Denn die Geschichten, die Kullmann im Weiteren erzählt, sei es ihre eigene oder die von Schriftstellerin Virginia Woolf oder der französischen Publizistin Françoise Giroud (deren Buch „Ich bin eine freie Frau“ im Übrigen äußerst lesenswert ist!), sind keine Heldinnengeschichten, sondern solche von Frauen, die sich in den allermeisten Fällen das Alleinleben nicht vorgenommen haben; ihnen ist es „gewissermaßen unterlaufen“ – bisweilen sehr schmerzhaft. Nichtsdestotrotz schafft Kullmann einen neuen Blick auf die Frau ohne Begleitung, und das macht sie richtig gut: Eben weil sie keine Heldinnen und keine Diven beschreibt, sondern Frauen, die irgendwann im Laufe ihres Daseins feststellen, dass das Leben abseits der Beziehungsfrage noch andere spannende Inhalte bereithält. Was die Liebe anbelangt, berichtet Katja Kullmann vom Spielfeldrand aus, aber trifft von dort erstaunlich oft das Tor.

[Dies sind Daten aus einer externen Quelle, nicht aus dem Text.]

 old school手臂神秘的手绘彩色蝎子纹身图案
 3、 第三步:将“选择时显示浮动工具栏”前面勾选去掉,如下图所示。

Ihr Essay, Erfahrungsbericht, Gesellschaftsstudie oder wie man es nennen soll, ist eine ziemlich wilde, manchmal leichtfertige Mischung aus Autobiografischem, Reportage, Statistik und Zitaten berühmter Single-Frauen aus mehreren Jahrhunderten. Nicht immer gelingt das klischeefrei, was dem Umstand geschuldet ist, dass Katja Kullmann selbst einer speziellen Bubble angehört, die sich mit den Stichworten „schreibende Akademikerin, Anfang 50, Großstadt“ umreißen ließe.

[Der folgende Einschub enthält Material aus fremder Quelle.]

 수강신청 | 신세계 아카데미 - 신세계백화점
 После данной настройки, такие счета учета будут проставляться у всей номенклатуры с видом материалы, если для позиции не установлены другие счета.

„Die singuläre Frau“ ist wie alle Kullmann-Bücher (2003 bekam sie für „Generation Ally“ den Buchpreis) locker und sehr witzig geschrieben. Es lässt sich cremig wie einen guten Pudding weglöffeln. Und als Leserin muss man zugeben: Man ist satt geworden und hat sich nur minimal überfressen, aber man weiß beim besten Willen nicht genau, wie sie diese fluffige Konsistenz hingekriegt hat.